:: WHAT YOU SHOULD DO ::
What should be copied is the stretch of entries below from the line with "5、提醒设置:除了夜间免打扰模式,还提供个性的比赛提醒;" up to and including the line with "弯腰,手捏拭子直达咽狭处,准", exactly and without images.

== INPUT MATERIAL

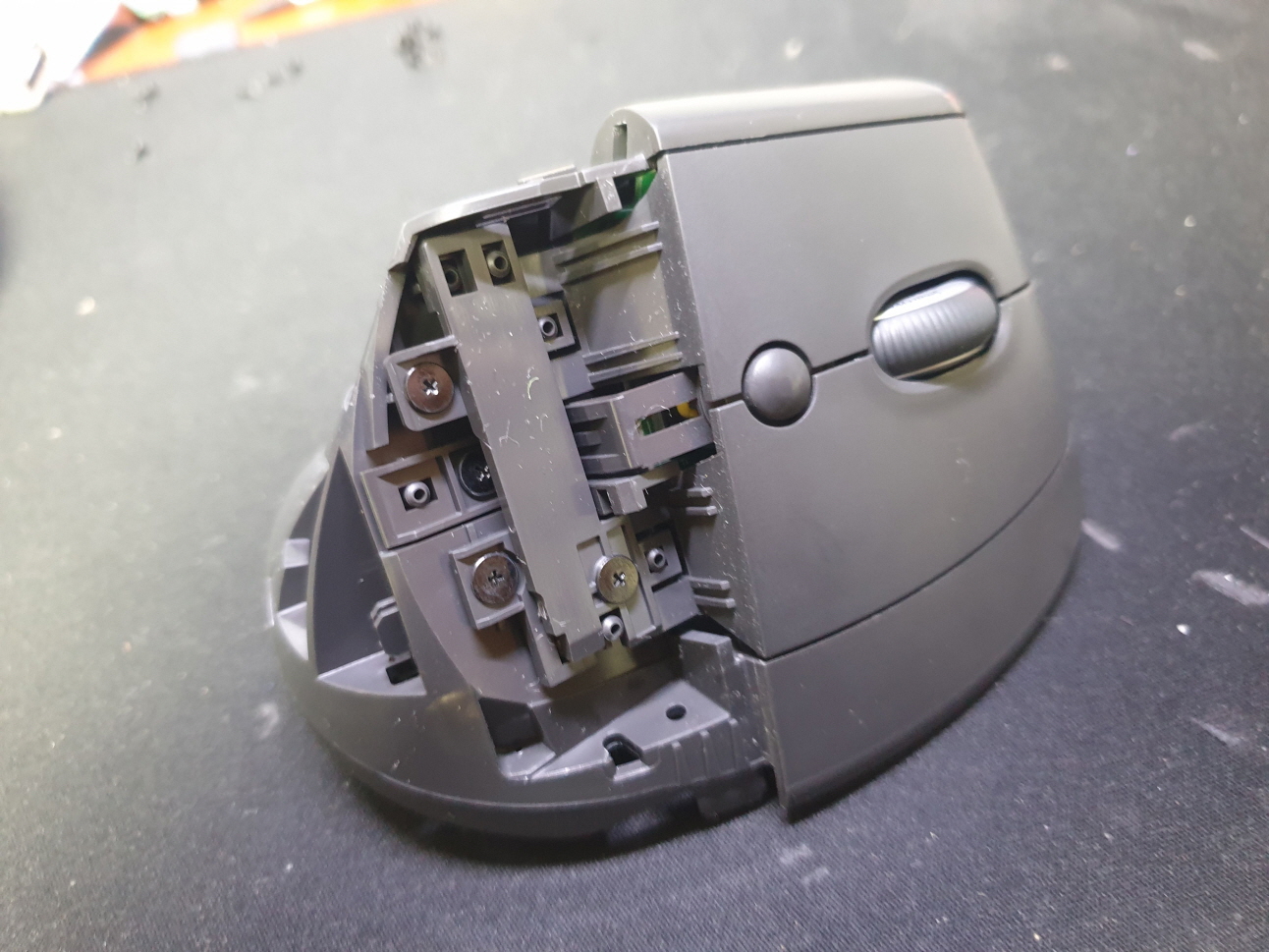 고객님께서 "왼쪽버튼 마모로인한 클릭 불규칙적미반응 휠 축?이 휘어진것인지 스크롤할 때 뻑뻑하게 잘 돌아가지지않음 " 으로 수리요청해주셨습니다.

====
== INPUT MATERIAL

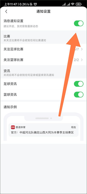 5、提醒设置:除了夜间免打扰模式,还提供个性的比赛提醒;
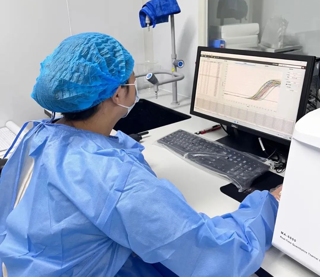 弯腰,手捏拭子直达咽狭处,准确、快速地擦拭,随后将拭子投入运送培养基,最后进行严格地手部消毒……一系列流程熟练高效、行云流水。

====

:: ANSWER TO THE EXERCISE ::
 5、提醒设置:除了夜间免打扰模式,还提供个性的比赛提醒;
 弯腰,手捏拭子直达咽狭处,准确、快速地擦拭,随后将拭子投入运送培养基,最后进行严格地手部消毒……一系列流程熟练高效、行云流水。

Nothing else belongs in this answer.